Alors que Jenna essayait tant bien que mal de questionner les marchands au sujet de sa canne, Eida, elle, observait les passants. Elle espérait, comme une enfant, reconnaître son père à travers ce flot de visages inconnus.

À chaque fois qu'un homme d'à peu près son âge passait devant eux, elle croyait le voir. Qu'ils soient grands, qu'ils soient opulent, chauves ou moustachus, la jeune fille avait la fausse impression qu'ils se ressemblaient tous, ou du moins, qu'ils ressemblaient tous à son père. Elle voyait son sourire paternel ancré sur les lèvres, son front dégagé et son menton levé greffé sur toutes les têtes. Elle n'arrivait pas à se défaire de l'étrange sensation qui la hantait.

Ils passèrent ainsi la journée, bousculés, ballottés dans tous les sens, entraînés par la foule contre laquelle ils tentaient de lutter. Le soir, ils trouvèrent une chambre, à lits séparés cette fois, dans une nouvelle auberge.

La semaine fila avec vitesse et chaque jour ressemblait au suivant. Leurs recherches restaient vaines, malgré tous leurs efforts. Aucun marchand n'avait en sa possession cette mystérieuse canne. Beaucoup ne l'avaient jamais vus. Il tombèrent sur un vendeur qui l'avait vu sur l'établis de son voisin, mais lorsque Jenna et Eida retrouvèrent celui-ci, il avait déjà vendu l'objet.

Quant au capitaine Kandelas, les réponses étaient toutes différentes : on le connaissait, on l'avait vu en ville ou à Teich, on l'avait vu partir en mer, on ne savait même pas qu'il était revenu...

Perdus au milieu de toutes ces vies, Jenna et Eida désespéraient.
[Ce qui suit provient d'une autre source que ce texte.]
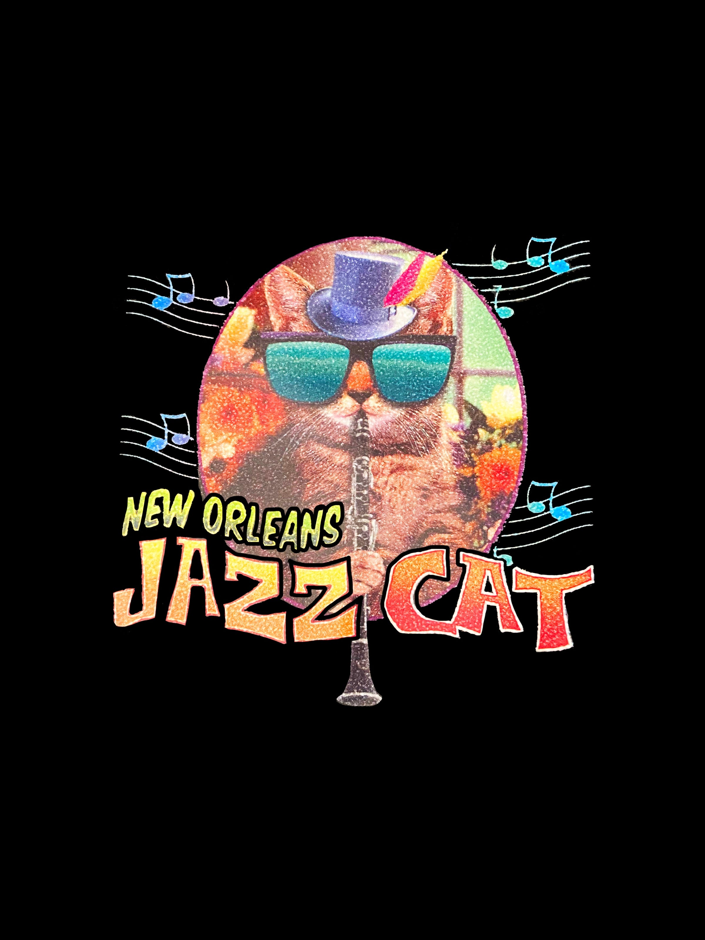 Get groovy with our New Orleans Jazz Cat T-Shirt! This cool cat, sporting shades and playing a clarinet, adds a playful touch to any outfit. Show off your love for music and felines with this quirky shirt.

Lui, il commençait à être agacé par cette quête insensée tandis qu'elle, elle craignait de ne jamais revoir son père. L'un des marchands qu'ils interrogèrent leur répondit que l'homme était mort en mer, son équipage et son bateau restant toujours introuvables.

Bien sûr, Jenna lui avait assuré que le vieillard ne savait plus ce qu'il racontait, qu'il devait confondre avec un autre capitaine. Mais s'il disait vrai ? Si Meycen Kandelas n'était jamais rentré au port ?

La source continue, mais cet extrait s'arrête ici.